The transverse discs can be designed such that the outflow of liquid or centrifuged liquid is effected over the entire diameter of the transverse discs.

Preferably, the openings of the transverse discs are configured such that they have different geometries and/or opening sizes and/or arrangement patterns.

The geometry of the opening is understood to be the shape of the opening. The transverse disk may have a plurality of openings having different geometries.

In other words, the opening size of the opening relates to the opening area. Through the size of the openings, liquid can flow through and/or out. The openings may have different sizes in terms of opening size.

An arrangement pattern is to be understood as an arrangement of a plurality of openings, wherein at least two openings form one opening group, wherein the plurality of opening groups can be arranged distributed over the transverse disk. Furthermore, the transverse disc may have a set of openings forming a plurality of openings evenly distributed across the transverse disc. Preferably, the set of openings is formed by a plurality of identically configured openings. The same type of openings is to be understood as openings having the same geometry and the same cross-sectional area.

In one embodiment of the invention, the transverse disk has a plurality of openings which are configured to be cam-shaped or oval or elliptical. Preferably, such openings are arranged in pairs. A pair of such openings thus forms a group of openings. A plurality of such groups of openings can in turn be arranged uniformly on the transverse disc.

A cam-shaped opening is understood to mean an opening which essentially has the shape, in particular the cross-sectional shape, of the cam of the camshaft. In particular, such openings have a steep cam shape. In other words, such an opening is formed by two circular segments, the radial center points of which lie on a common mirror axis of the opening. The circular segments are in turn connected to one another in part by straight lines.

Furthermore, the opening can be oval or elliptical in shape. In a particularly preferred embodiment of the invention, two openings of this type are arranged one behind the other in such a way that they form a group of openings.

In a particularly preferred embodiment of the invention, every six openings are cam-shaped or oval or elliptical, wherein every two openings form a group of openings. The three formed groups of openings are thus arranged uniformly in the circumferential direction on the transverse disk.

Furthermore, the transverse disk can have, starting from the transverse disk circumference, a plurality of openings which are configured as recesses in the transverse disk circumference.

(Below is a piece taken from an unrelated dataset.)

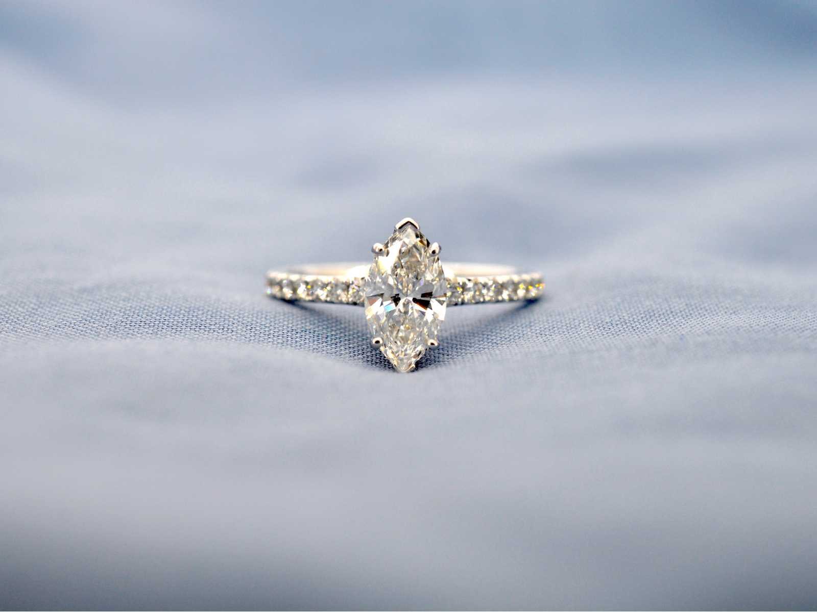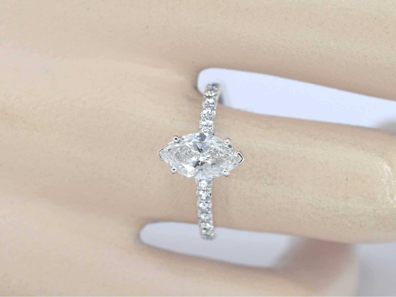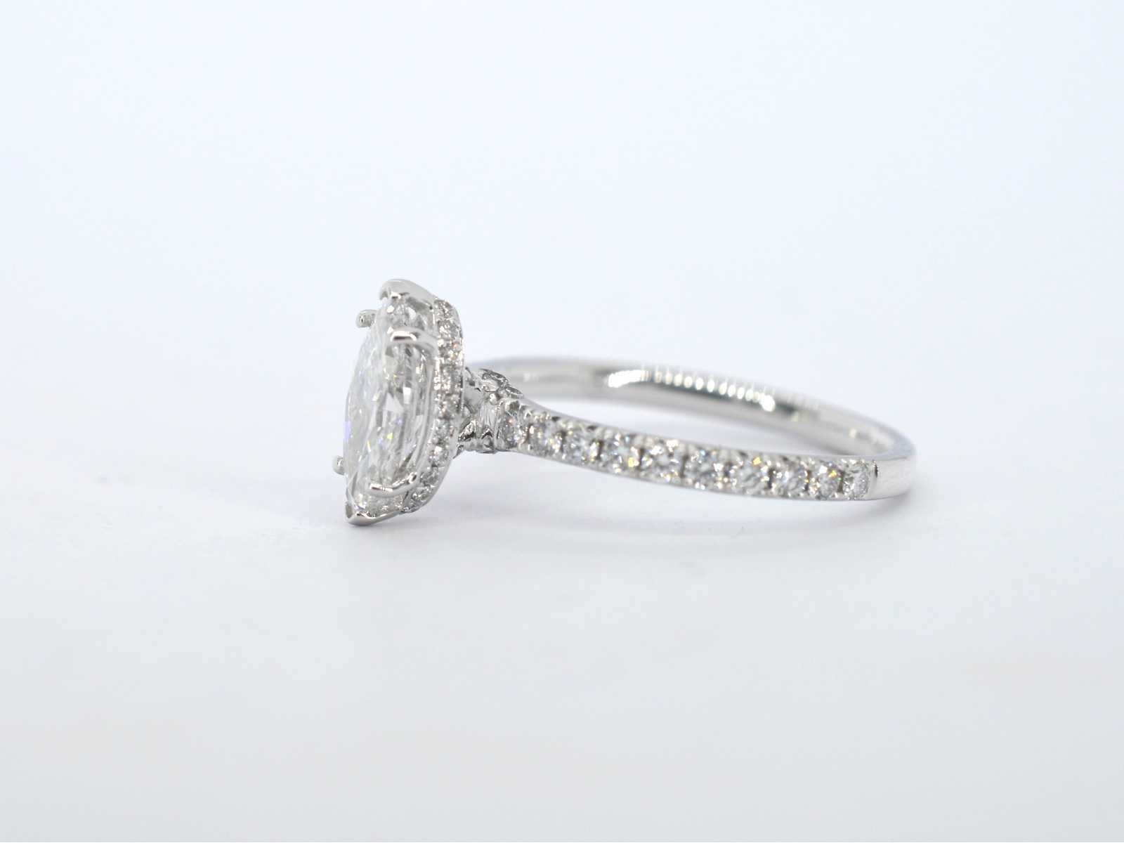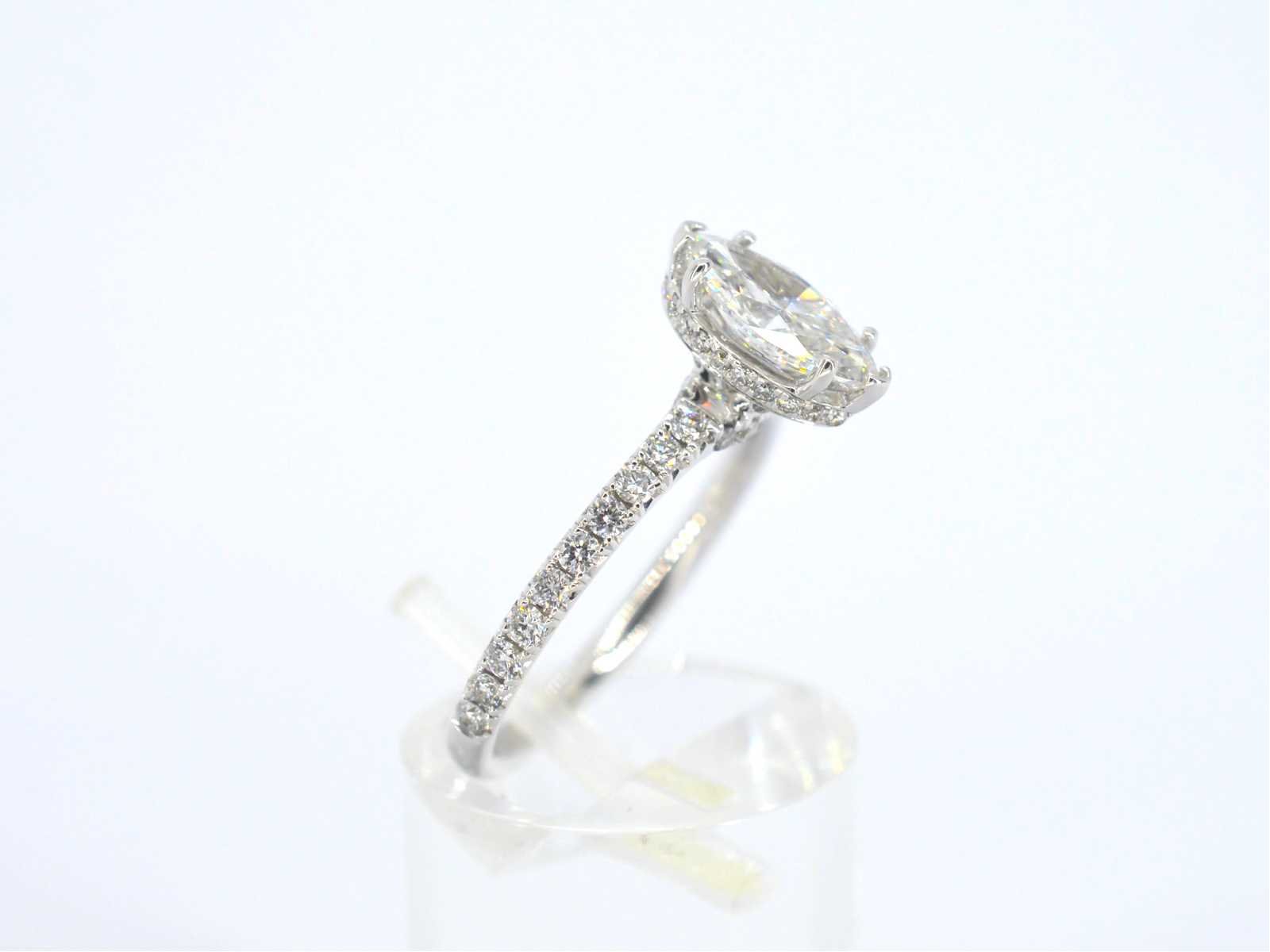 Samenvatting van gegevens Witgouden solitaire ring met een marquise diamant van 1.00 carat met hidden Halo Diamant: Eco (Lab-grown); Aantal: 1 stuk; Slijpvorm: Marquise geslepen; Gewicht (carat): 1.00 carat; Kleur: E-F-G; Zuiverheid: VVS-VS; Slijpkwaliteit: Excellent / Very good; Certificaat: IGI; Diamant (secundair): Natuurlijk; Aantal diamanten: 52 stuks; Slijpvorm: Briljant geslepen; Gewicht (carat): 0.50 carat; Kleur: F; Zuiverheid: VS; Slijpkwaliteit: Zeer mooi; Juweel: Ring; Gewicht: 2 gram; Ringmaat (op maat gemaakt*): 53 (17 mm); Materiaal: 18K goud (750); Conditie: Nieuw; Verpakking: Luxe sieradendoos; Toelichting: De kwaliteit is overgenomen van het rapport behorend bij item. De waardebepaling is een beoordeling van een gecertificeerde diamantair, gebaseerd op consumentenprijzen.; Consumentenprijs: € 7.925,- Within 14 days Materiaal: Goud Voornaamste diamant: Eco (Lab-grown) Gewicht diamant: 1.00ct Totaal gewicht: 2g Keurmerk: 750 Certificaat: IGI Kleur diamant: E-F-G Slijpvorm diamant: Marquise geslepen Slijpkwaliteit diamant: Excellent / Very good Zuiverheidsgraad diamant: VVS-VS

These recesses are preferably U-shaped.

Such recesses, in particular U-shaped recesses, are preferably again arranged in pairs. In a particularly preferred embodiment, the transverse disk has six such recesses, in particular six such U-shaped recesses. Two of these voids form a group of openings. The three formed groups of openings are thus arranged uniformly in the circumferential direction on the transverse disk. Preferably, each of the opening groups constituted by the U-shaped void portions alternates with the opening group constituted by the cam-shaped openings in the circumferential direction.

Preferably, the U-shaped recess has a length in the direction of the center point of the transverse disk such that, in a radial extension from the center point to the periphery of the transverse disk, the U-shaped recess lies at least partially on a uniform circumferential line with respect to the cam-shaped opening.

It is furthermore possible for the transverse disk to have a plurality of openings of circular configuration.

Preferably, the circularly configured openings are arranged in pairs. In other words, two circular openings form one opening group.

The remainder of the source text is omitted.